The lady lets drop that her full title is Dr. Eve Winters, and according to the
card she gives him she has a Ph.D., her angle being something complicated, a
“relationship analyst.” He gets the impression he’s supposed to have heard of
her. And maybe he has, he remembers something in one of the papers, a weekly
column with her picture, like Ann Landers. She’s not staying here at the
Breakers, but renting a cottage down by Brady Beach. The Owl assumes,
without asking, that Dr. Winters is alone there. The Cotters’ Cottage, locals call
it, is owned by an old couple in East Bam.
“So tell me–is there any entertainment in town on a Friday night?”
The Owl has the fleeting thought that she’s asking him for a date, but then
he realizes how absurd that would be. April Fool’s Day is tomorrow, maybe
she’s practising for it. Yet he plays with a daydream of escorting her to the Bam
Pub, walking in, displaying her. This is quickly interrupted by an image of
Claudette glaring from behind the bar. Claudette St. John, bold of tongue and
broad of beam, is obtainable, achievable. Eve Winters is infinitely not.
He tells her there’s a jazz quartet from Nanaimo at the Bam Pub, as the Owl
and the other locals call it. She says she is a jazz aficionada, pronouncing that
obscure word correctly, he assumes.
He explains bluntly, lest there be any confusion, that his girlfriend works in
that bar, Claudette, and she’ll be happy to know you met Nick Faloon and will
make you feel at home. As he describes how to get the water taxi and find her
way, Dr. Winters seems to be casing him, and this makes him uncomfortable.
Does she read his mind, does she know things are getting on him, that he’s been
sleepwalking, that two nights ago he woke up outside the lodge in his
underwear?
“How unfortunate that your friend, Claudette, isn’t with you tonight.”

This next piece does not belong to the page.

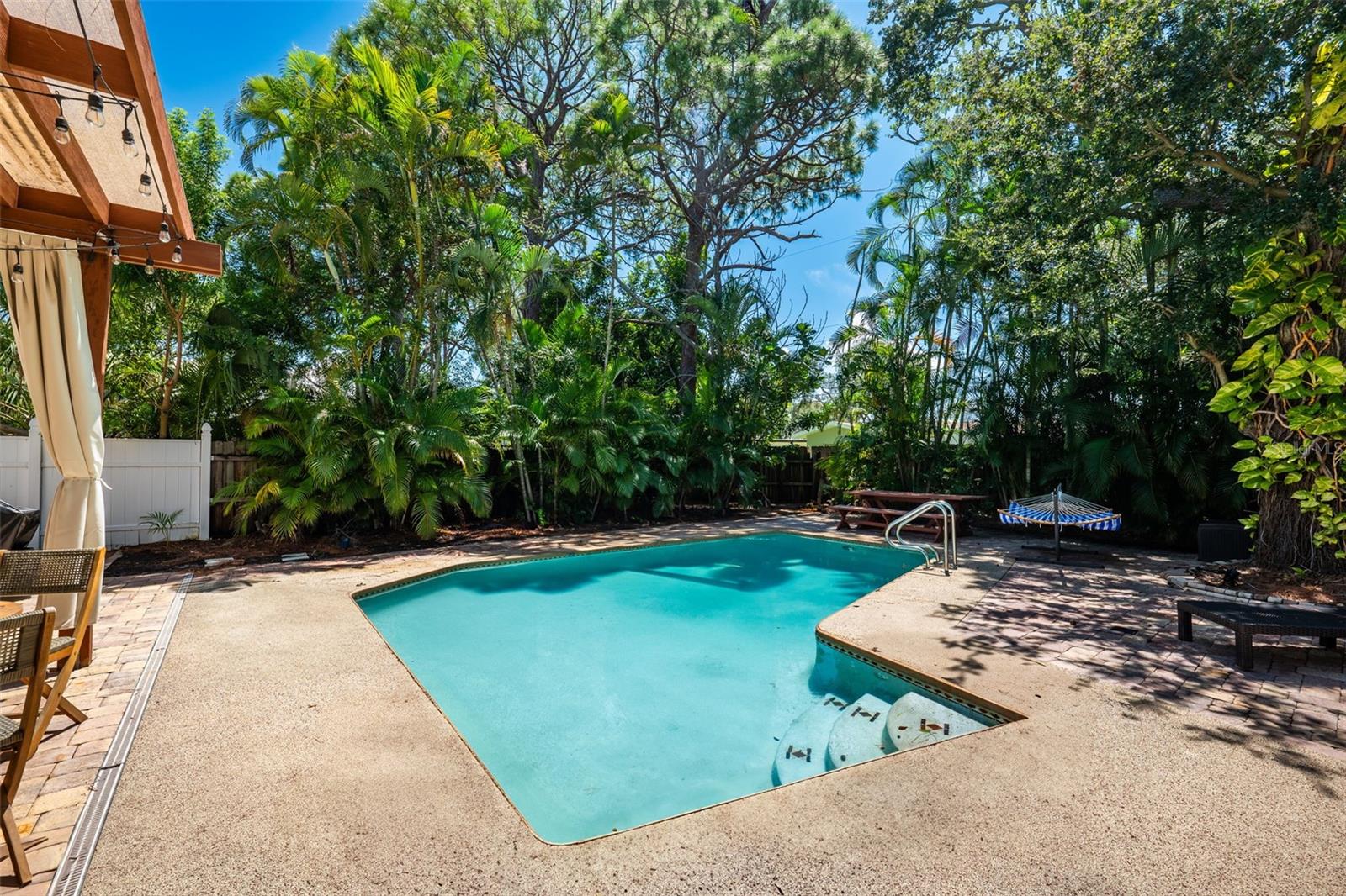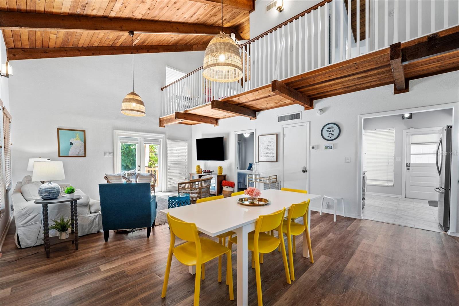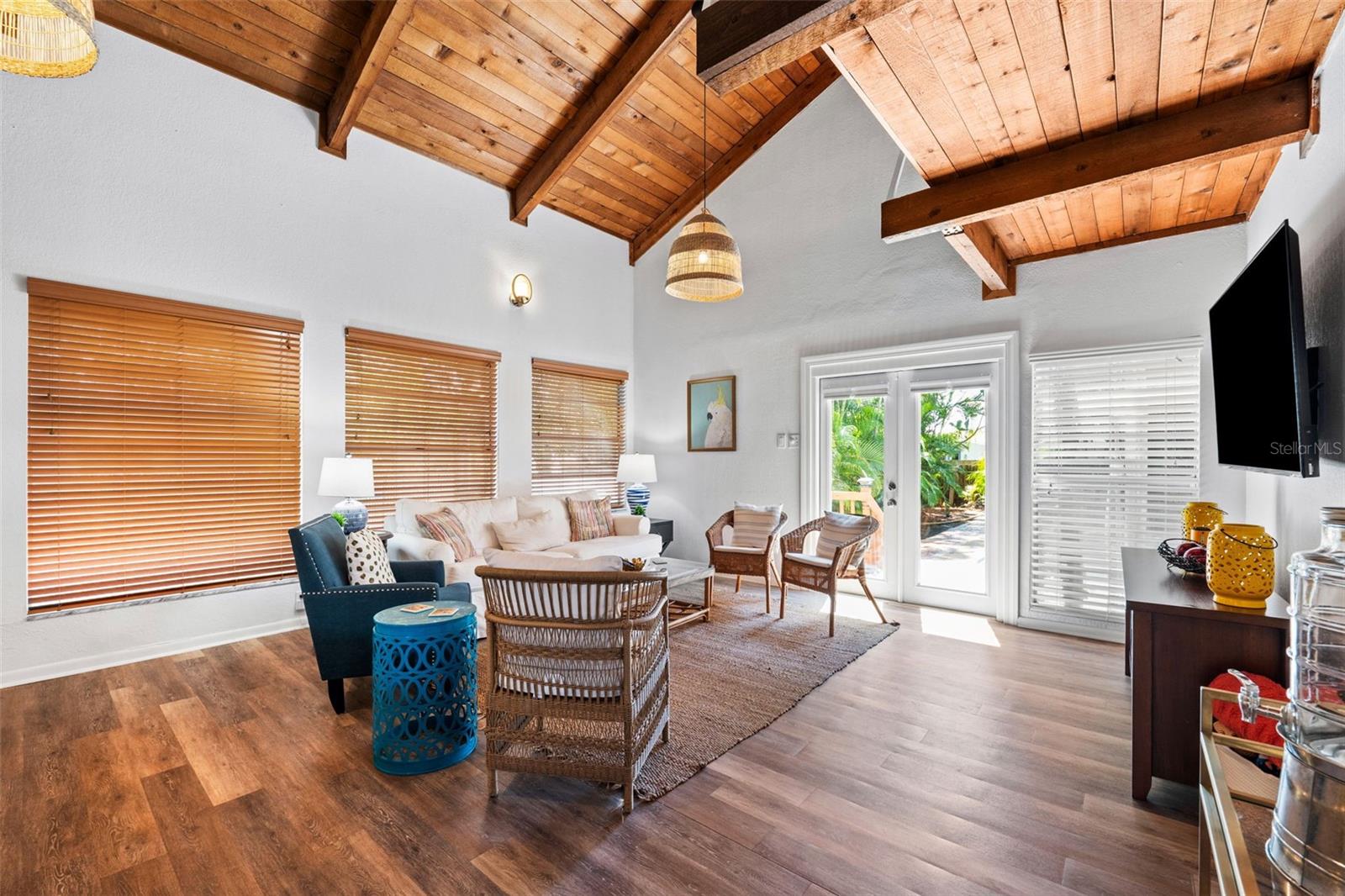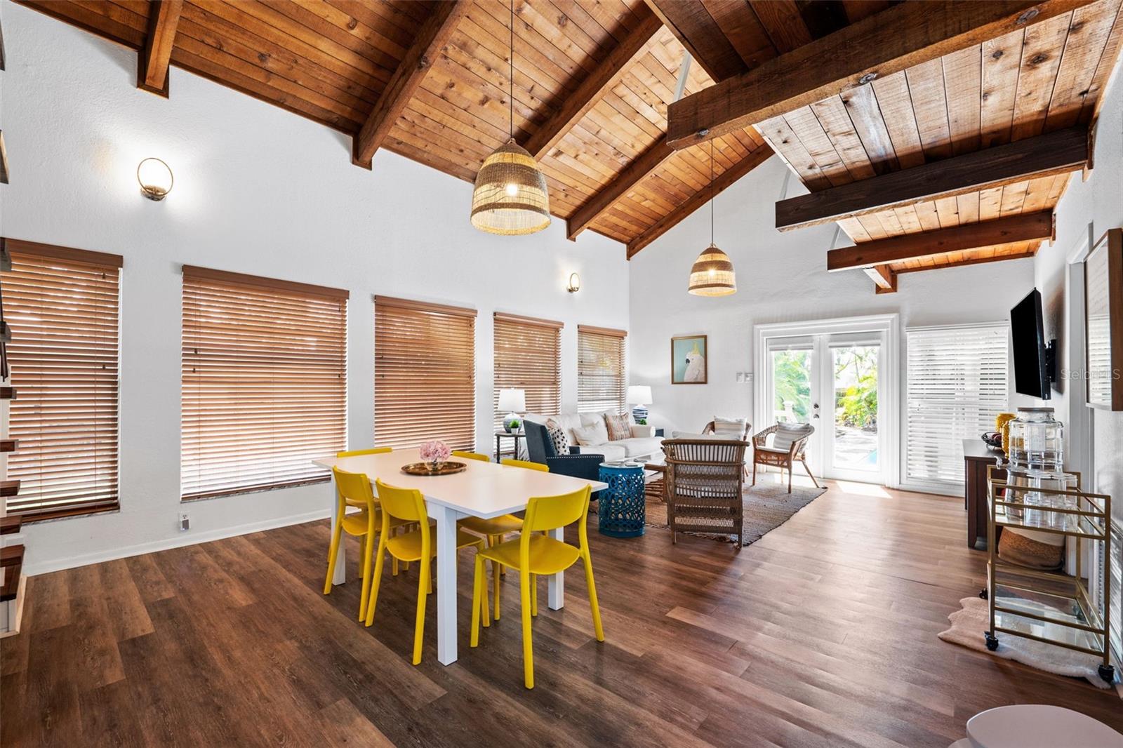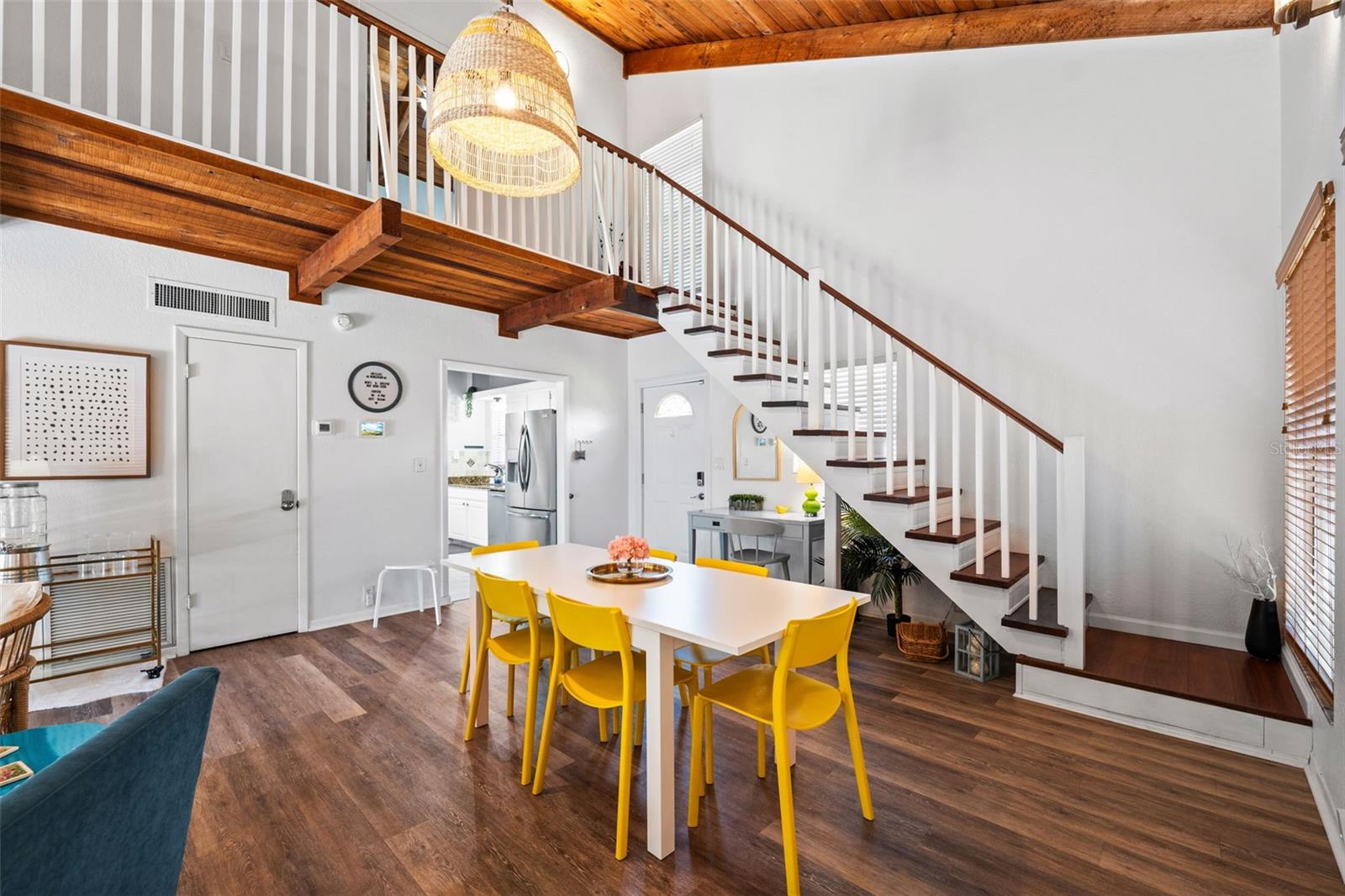 Welcome to this inviting Shore Acres home, now on the market! This beautifully maintained property offers 3 bedrooms, 2 bathrooms, and a spacious living area perfect for your lifestyle. The first floor boasts a modern kitchen with granite countertops and stainless-steel appliances, seamlessly blending style and function. The large living room is a true highlight, featuring vaulted ceilings with exposed wood beams, creating a warm and cozy atmosphere. Upstairs, you'll find a guest bedroom and a versatile loft space with a closet and window, which can easily be converted into a fully enclosed third bedroom to suit your needs. Step outside and you'll discover a backyard oasis, perfect for entertaining. Enjoy the pergola, already wired for a TV, or relax by the pool on the expansive patio, ideal for cookouts and gatherings with family and friends. There's also a spacious storage shed for your pool toys and lawn equipment. This home is located in a fantastic school zone, including Shore Acres Elementary, Meadowlawn Middle School, and Northeast High School. Despite the tall, privacy-providing palms surrounding the property, you're just minutes away from downtown and major highways, making it both a private retreat and a convenient location. Book your private tour today before this one is gone!!

He doesn’t know how to take that–is he seen as cheesy, he doesn’t take his
girlfriend to this expensive restaurant? Or is that an opener, she wants to analyze
their relationship. Maybe she divines it’s been rocky lately with him and
Claudette. He never should have made out with that logging-camp whore.
“Yeah, unhappily she works late on Fridays, and has to stay over in East
Bamfield.” Which has an upside, he won’t have to explain to Claudette he was
on a prowl tonight. “You go over there, you should introduce yourself, she’ll
protect you from the loggers that will be hitting on you.”
He hopes Eve Winters sees that as more a compliment than suggestive, and
apparently so, because she offers a smile with clean white teeth and thanks him.